MATS: The Researcher — Predator Equations and Macro Cycles
I spent part of this weekend revisiting the predator equation. I came across a video explaining the mathematical game of survival, specifically the Lotka-Volterra equations that model how two species interact in a cycle.
While the video focused on biology, I found myself thinking about global macroeconomics.
In my view, the macro environment follows a similar cyclic nature driven by two forces with a strong negative correlation. I began mapping them in my head. Capitalism, led by growth and inflation, acts as the stronger force. The labor market and employment rates act as the base. The central bank sits in the middle, attempting to act as a smoothing influence or a regulator of the oscillation.
When two instruments have a correlation near –1, the peak of the stronger one can often be inferred from the weaker one approaching its bottom. I wanted to see if my Researcher agent could bridge the gap between this biological math and financial reality.
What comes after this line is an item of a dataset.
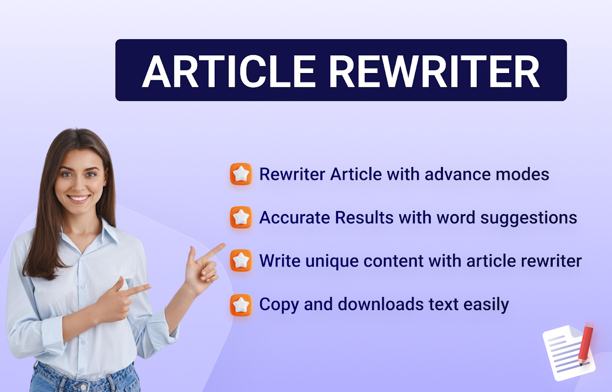 The Prepostseo Rewriter Article Spinner ایک جدید تخلیق ہے جو سرقہ سے پاک مواد شائع کرنے میں افراد کی مدد کرنا چاہتی ہے۔

I asked the agent a specific, tricky question:
"I recently came across the predator–prey equation, which models two forces that move cyclically with strong negative correlation. It made me think about global macro: when two financial instruments have a correlation near –1, the peak of the stronger one can often be inferred from the weaker one approaching its bottom and its velocity slowing. If we map this analogy to macro forces, capitalism as the stronger force, labour as the weaker force, and the central bank as a smoothing influence, how can we derive a mathematical model that captures their cyclical interaction and turning points?"
The response was scarily reasonable. Instead of a generic summary of macroeconomics, the agent pointed me directly toward the Goodwin Model I never know before. Developed in 1967, Richard Goodwin’s "Growth Cycle" is a formal application of the predator-prey equations to the distribution of national income. In this model, the "predator" is the employment rate and the "prey" is the share of labor in national income.
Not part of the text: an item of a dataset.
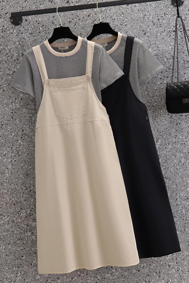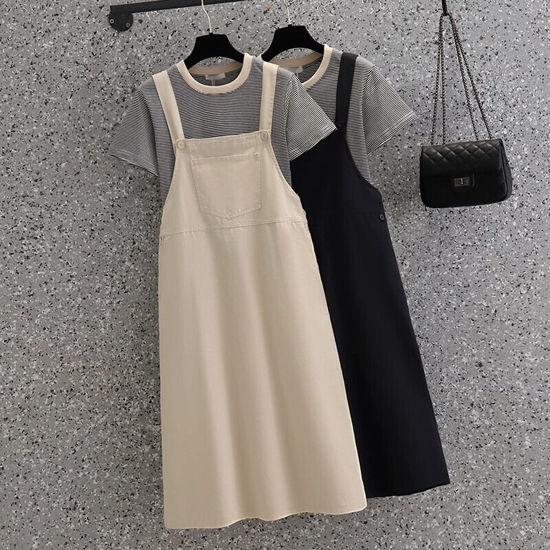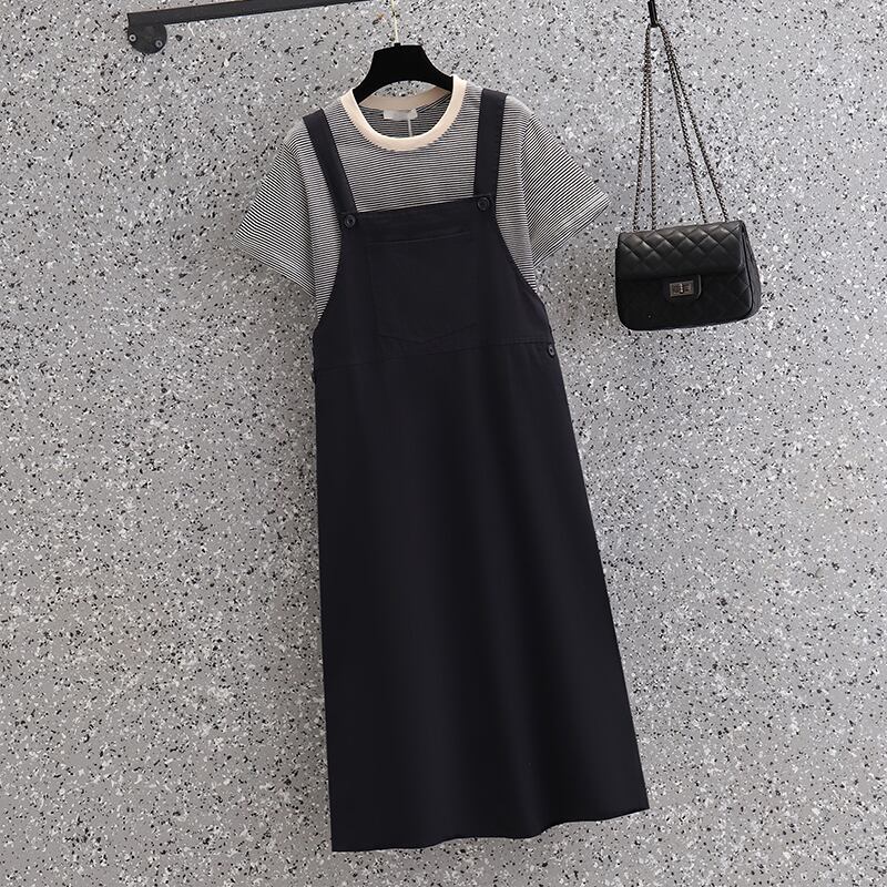 プラスサイズの婦人服 2023 ファットシスター夏の新半袖 Tシャツミッドレングススリムサスペンダースカートツーピーススーツ 大きめサイズ サマー 夏物 8884128718076202

The agent walked through how high employment leads to higher wages, which eventually squeezes profits, reduces investment, and leads to a downturn in employment, restarting the loop. It captured the exact velocity and turning point logic I was looking for.
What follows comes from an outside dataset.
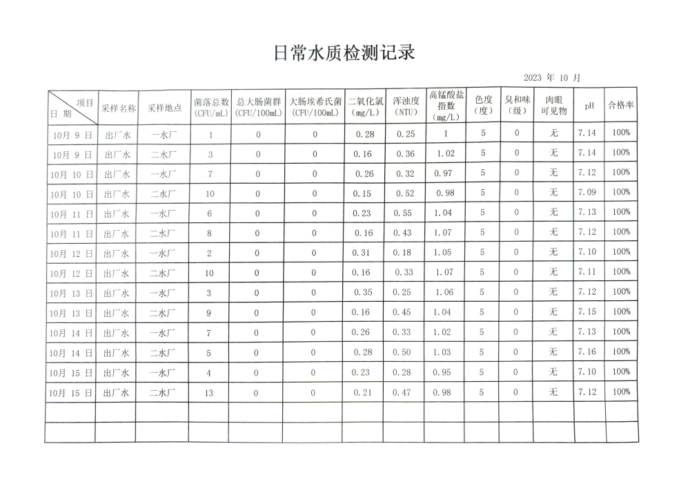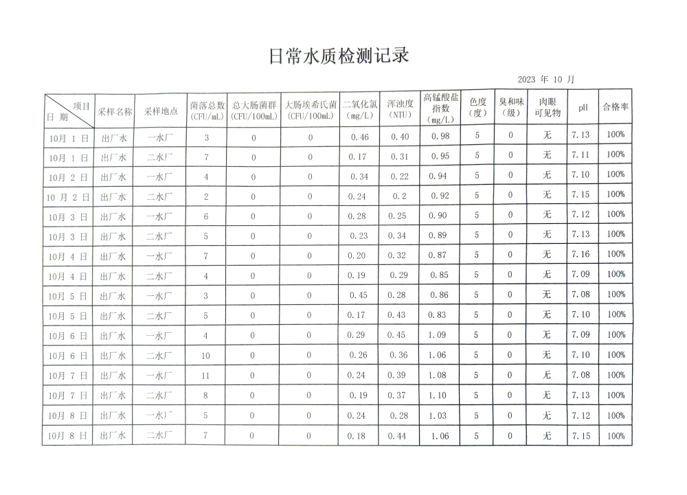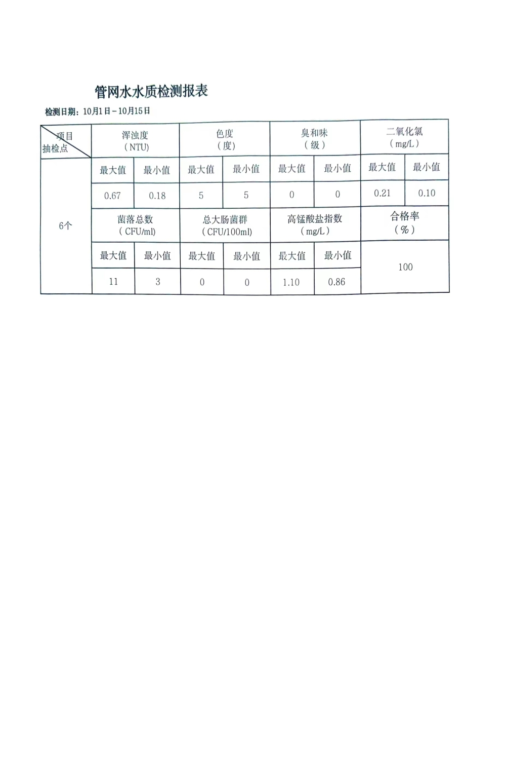 兴临自来水公司日检、半月检水质信息公开(10月上半月)

I asked it to simulate 2026 sp500 peak with python code, and here is its prediction (simplied version - no mont carlo, no parameter sweep, initial settings not accurate):
This interaction validated the current direction of MATS. Its purpose is conceptual synthesis. In a trading context, we are often looking for the "why" behind the "what." By correctly identifying the Goodwin Model, the agent demonstrated it could move from a vague analogy to a grounded, historical framework that provides a mathematical basis for trade timing.
Systems thinking is about finding the universal patterns that govern different domains. The Researcher agent proved it can see the pattern.